About the DARPin Difference
DARPin therapeutics are a new class of protein therapeutics opening an extra dimension of multi-specificity and multi-functionality. DARPin candidates are potent, specific, safe and very versatile. They can engage in more than 5 targets at once, offering potential benefits over those offered by conventional monoclonal antibodies or other currently available protein therapeutics. The DARPin technology is a fast and cost-effective drug discovery engine, producing drug candidates with ideal properties for development and very high production yields.
With their good safety profile, low immunogenicity and long half-life in the bloodstream and the eye, DARPin therapies have the potential to advance modern medicine and significantly improve the treatment of serious diseases, including cancer and sight-threatening disorders. Molecular Partners is partnering with Allergan to advance clinical programs in ophthalmology, and is advancing a proprietary pipeline of DARPin drug candidates in oncology. The most advanced global product candidate is abicipar, a molecule currently in Phase 3, in partnership with Allergan.

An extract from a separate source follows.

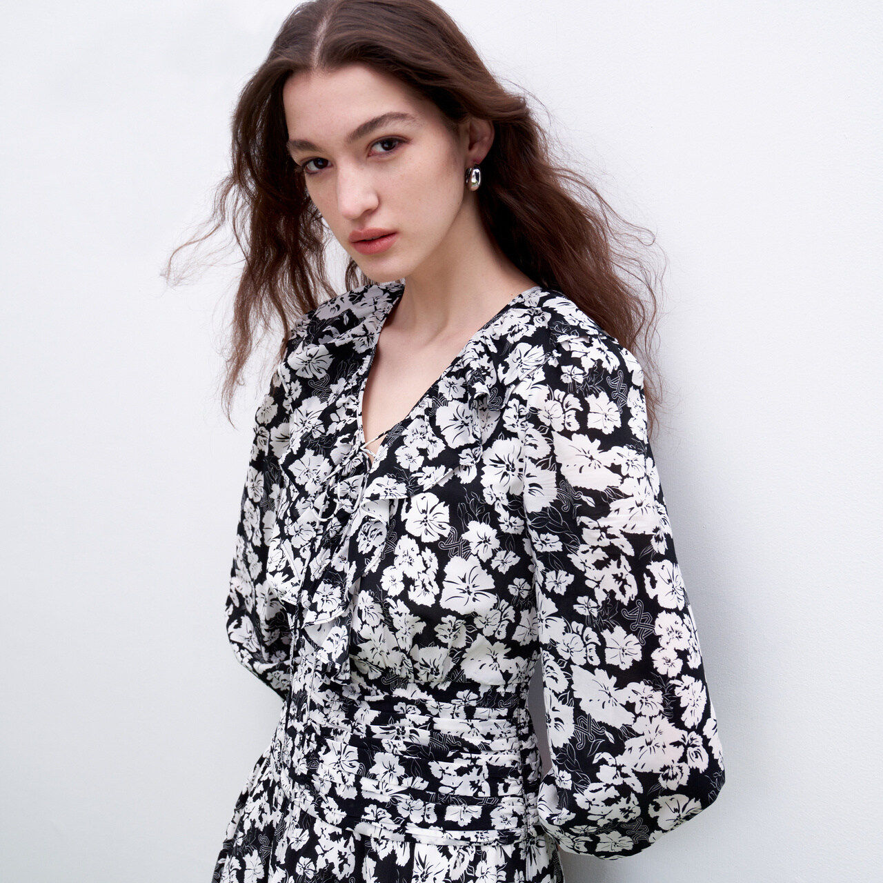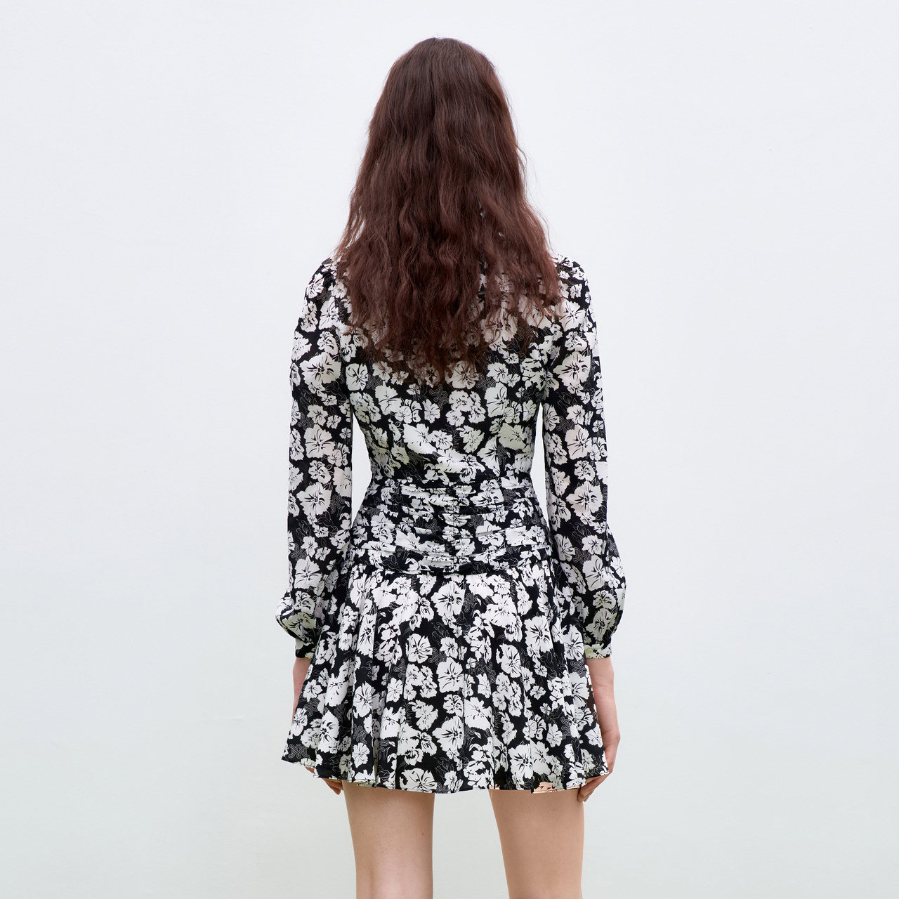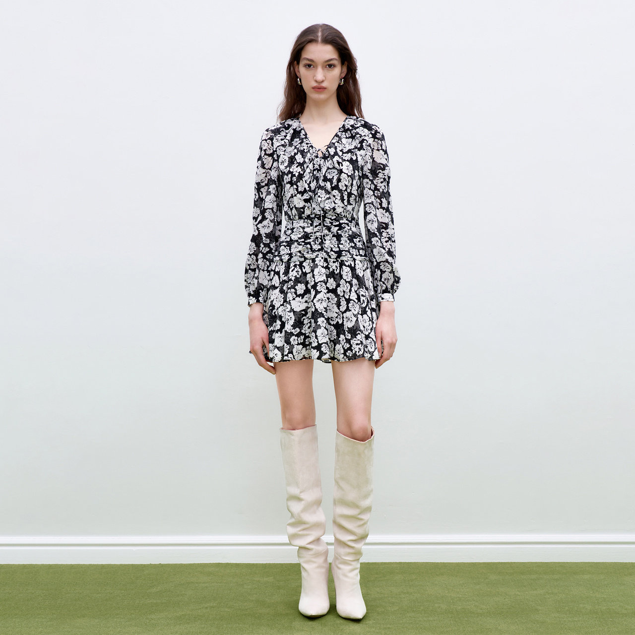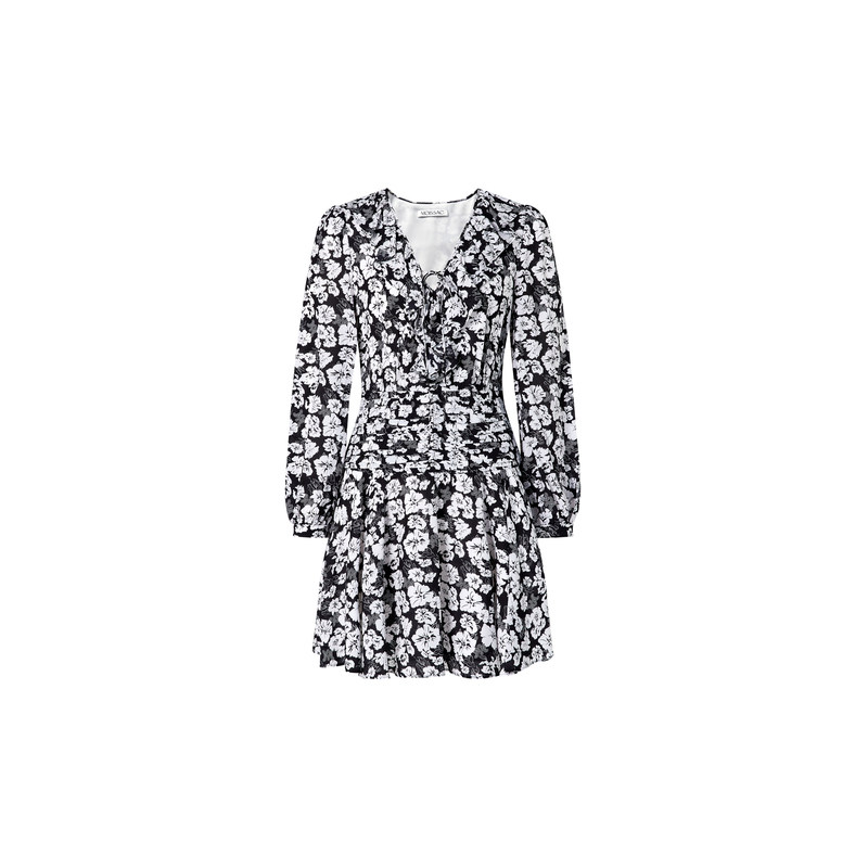 长袖 V领系带黑白芍药印花短款 连衣裙女 摩萨克秋装 商场同款

Several DARPin molecules for various ophthalmic indications are also in development. The most advanced systemic DARPin molecule, MP0250, is in Phase 1 clinical development for the treatment of solid tumors and in Phase 2 development for hematological tumors. In addition, Molecular Partners intends to further evaluate MP0250 for solid tumors in a phase 1b/2 trial for EGFR-mutated NSCLC. MP0274, the second-most advanced DARPin drug candidate in oncology, has broad anti-HER activity; it inhibits HER1, HER2 and HER3-mediated downstream signaling via Her2, leading to induction of apoptosis. MP0274 has moved into Phase 1. Molecular Partners is also advancing a growing preclinical pipeline that features several immuno-oncological development programs. DARPin is a registered trademark owned by Molecular Partners AG.